The task: You are asked to repeat the listing word for word and to leave out its pictures.

Raw data:
>>>
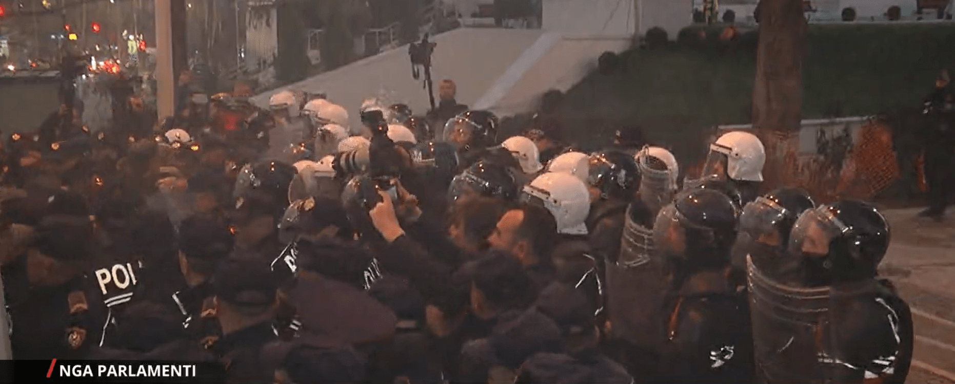 Protestuesit po hedhin mjete piroteknike shashka e tymuese.
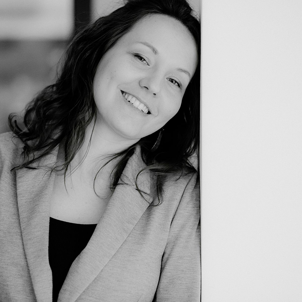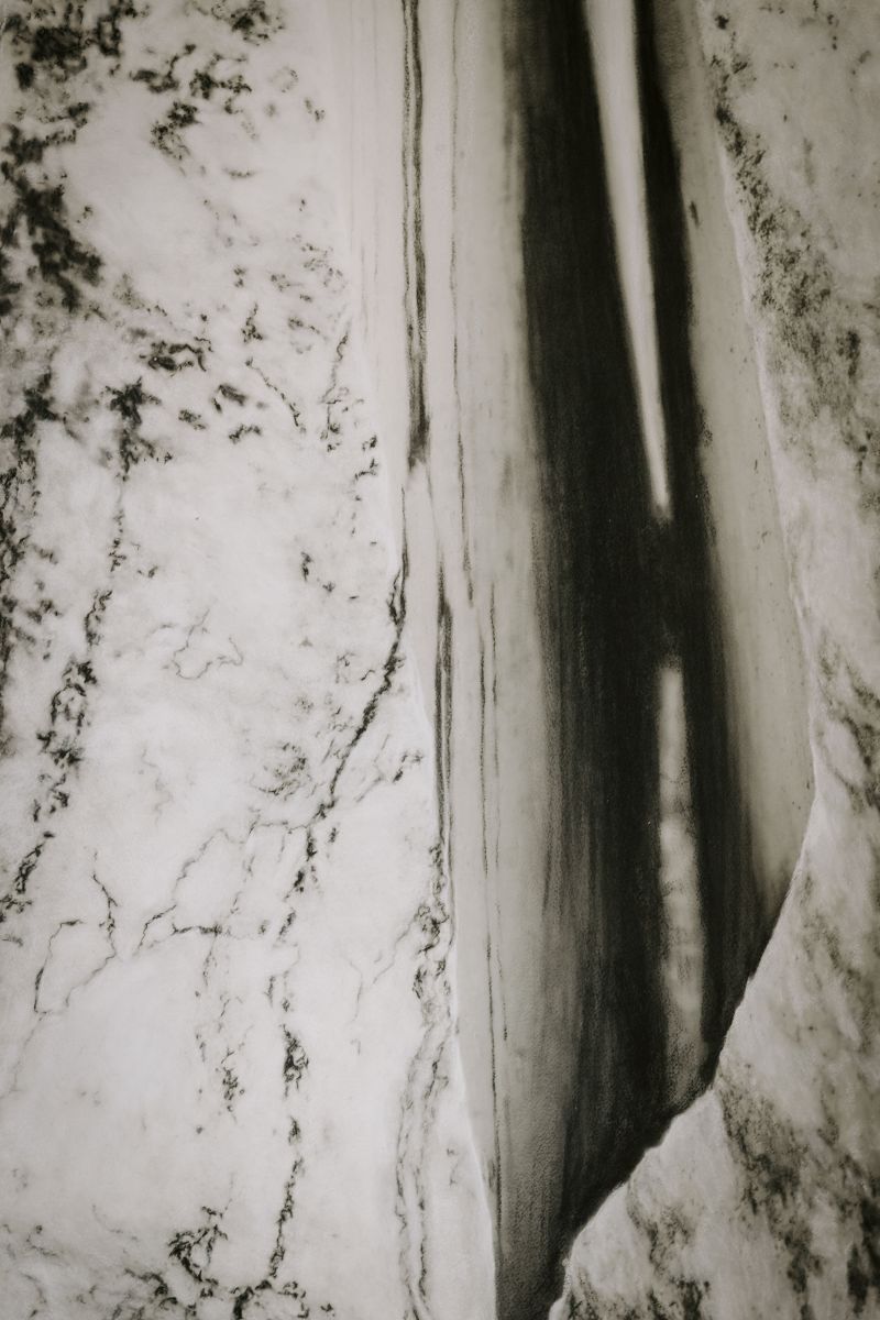 „Struktura linearis” skupia się na czerni, bieli i szarościach oraz na materialności linii — od płócien malowanych z dużą precyzją, przez rysunki o wyraźnej strukturze, po prace łączące techniki fizyczne i cyfrowe. Artystka przygląda się fakturom i kształtom natury — pęknięciom kamieni czy rysunkom słojów drzew — a fotografie, delikatnie opracowane pastelami i węglem, zyskują miękką, intrygującą powierzchnię. Mniejsze formy stają się pomostem między tradycyjną materią a przestrzenią wirtualną.
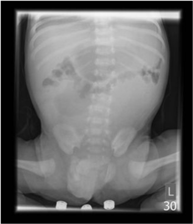 A term male infant conceived via In vitro fertilisation, presented with bile-stained vomiting 2 days after discharge from the maternity unit. Observations on admission were within normal parameters, and the abdomen was non-distended. An abdominal film revealed duodenal and proximal jejunal distension, with paucity of small bowel gas distally (Figure 1). The patient was taken to theatre with a tentative diagnosis of jejunal stenosis.
<<<
Task response:
 Protestuesit po hedhin mjete piroteknike shashka e tymuese.
 „Struktura linearis” skupia się na czerni, bieli i szarościach oraz na materialności linii — od płócien malowanych z dużą precyzją, przez rysunki o wyraźnej strukturze, po prace łączące techniki fizyczne i cyfrowe. Artystka przygląda się fakturom i kształtom natury — pęknięciom kamieni czy rysunkom słojów drzew — a fotografie, delikatnie opracowane pastelami i węglem, zyskują miękką, intrygującą powierzchnię. Mniejsze formy stają się pomostem między tradycyjną materią a przestrzenią wirtualną.
 A term male infant conceived via In vitro fertilisation, presented with bile-stained vomiting 2 days after discharge from the maternity unit. Observations on admission were within normal parameters, and the abdomen was non-distended. An abdominal film revealed duodenal and proximal jejunal distension, with paucity of small bowel gas distally (Figure 1). The patient was taken to theatre with a tentative diagnosis of jejunal stenosis.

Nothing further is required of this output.